··· Data shown ···
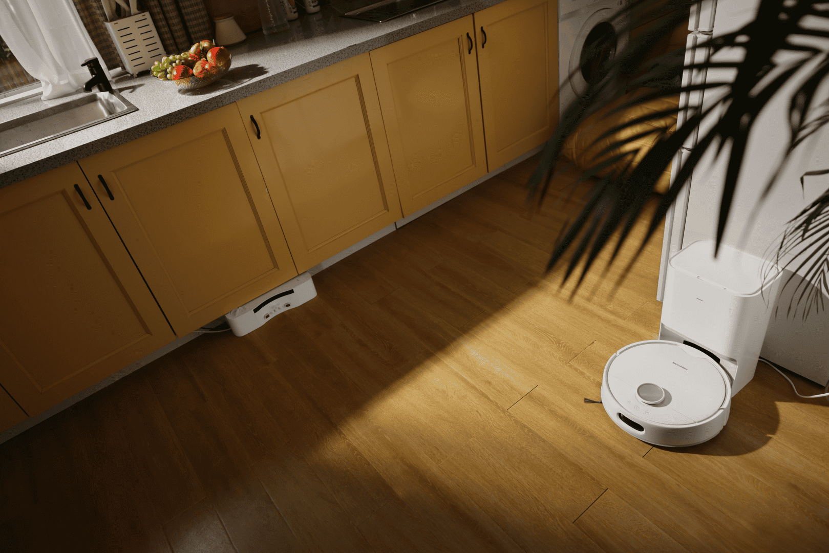 - Self-vacuuming and mopping
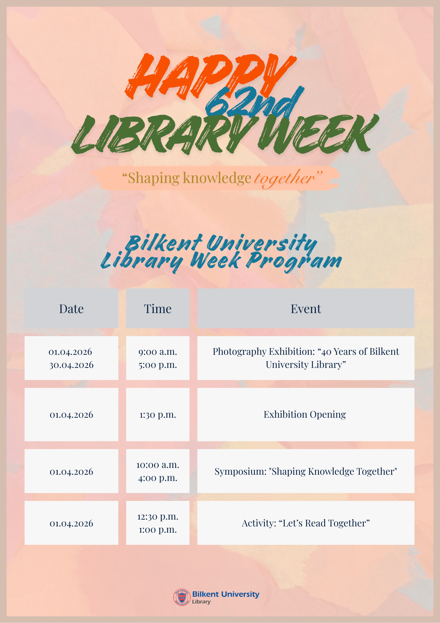 As Bilkent University Library, we are celebrating the 62nd Library Week and the 40th anniversary of our library with a series of events from March 30 to April 5, 2026. You can find the event schedule below.
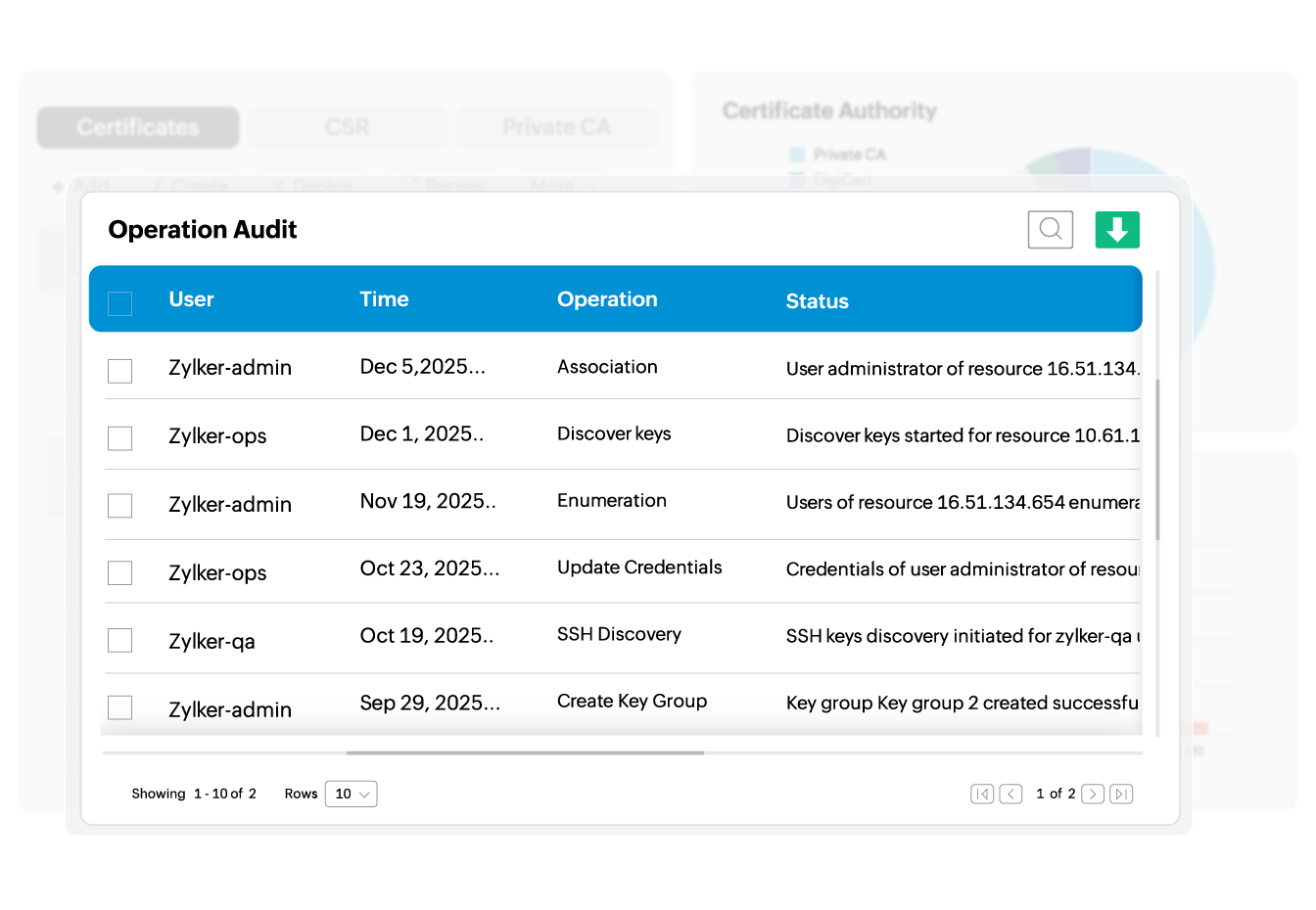 Import all your SSH keys and associated resources in bulk from existing files directly to Key Manager Plus. Further, with Key Manager Plus, you can create new key pairs and deploy them on target systems. Unique key pairs can be generated for each user account and the corresponding keys are deployed automatically on the target servers.
···
▸ **Requirement**:
Return the data word for word without its pictures.

▸ **Result of this task**:
 - Self-vacuuming and mopping
 As Bilkent University Library, we are celebrating the 62nd Library Week and the 40th anniversary of our library with a series of events from March 30 to April 5, 2026. You can find the event schedule below.
 Import all your SSH keys and associated resources in bulk from existing files directly to Key Manager Plus. Further, with Key Manager Plus, you can create new key pairs and deploy them on target systems. Unique key pairs can be generated for each user account and the corresponding keys are deployed automatically on the target servers.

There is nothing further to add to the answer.